Any other benchmark at that sample size would have similarly huge error bars. Unless Anthropic makes a model that works 100% of the time or writes a bug that brings it all the way to zero, it's going to work sometimes and fail sometimes, and anyone who thinks they can spot small changes in how often it works without running an astonishingly large number of tests is fooling themselves with measurement noise.

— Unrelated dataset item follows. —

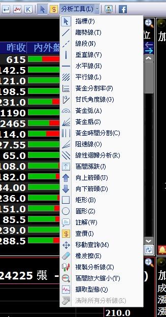 技術分析支援的分析工具如下, 只能使用系統內建工具, 謝謝.

fer · 2026-03-27T09:39:38 1774604378

They do. I'm currently seeing a degradation on Opus 4.6 on tasks it could do without trouble a few months back. Obvious I'm a sample of n=1, but I'm also convinced a new model is around the corner and they preemptively nerf their current model so people notice the "improvement".

stavros · 2026-03-27T10:12:27 1774606347

Make that 2, I told my friends yesterday "Opus got dumb, new model must be coming".

arcanemachiner · 2026-03-27T10:48:28 1774608508

I swear that difference sessions will route to different quants. Sometimes it's good, sometimes not.

scrollop · 2026-03-27T18:13:20 1774635200

You sure about that?

https://marginlab.ai/trackers/claude-code/

withinboredom · 2026-03-27T19:32:50 1774639970

Well, I don't see 4.5 on there ... so I'm not sure what you're trying to say.

And today is a 53% pass rate vs. a baseline 56% pass rate. That's a huge difference. If we recall what Anthropic originally promised a "max 5" user https://github.com/anthropics/claude-code/issues/16157#issue... -- which they've since removed from their site...

50-200 prompts. That's an extra 1-6 "wrong solutions" per 5 hours ... and you have to get a lot of wrong answers to arrive at a wrong solution.

coldtea · 2026-03-27T12:09:49 1774613389

Only nominally...

pixel_popping · 2026-03-27T09:33:32 1774604012

Oh yes, they do.

girvo · 2026-03-27T09:57:20 1774605440

I think the conspiracy theories are silly, but equally I think pretending these black boxes are completely stable once they're released is incorrect as well.

coldtea · 2026-03-27T12:19:40 1774613980

No conspiracy theories. Companies being scumbags, cutting corners, and doctoring benchmarks while denying it. Happens since forever.

overfeed · 2026-03-26T19:39:33 1774553973

> ...that really isn't that hard.

Until the AI scrapers[1] come for you at 5k requests per second and you're doing operations in hard-mode.

1. Most forges have http pages for discoverability. I suppose one could hypothetically setup an ssh-only forge and statically generate a html site periodically, but this is already advanced ops for the average Github user

gzread · 2026-03-27T04:00:33 1774584033

This isn't a real thing and if it ever becomes a thing you can sue them for DDOS and send Sam Altman to jail. AI scraping is in the realm of 1-5 requests per second, not 5000.

NewJazz · 2026-03-26T19:46:02 1774554362

I wasn't proposing a full on forge, just a VM with a (key auth only) ssh server to push code to/from.

RadiozRadioz · 2026-03-28T14:09:23 1774706963

fail2ban

account42 · 2026-03-31T08:54:00 1774947240

... is snakeoil in the era of (undeservedly) respected megacorporations operating botnets.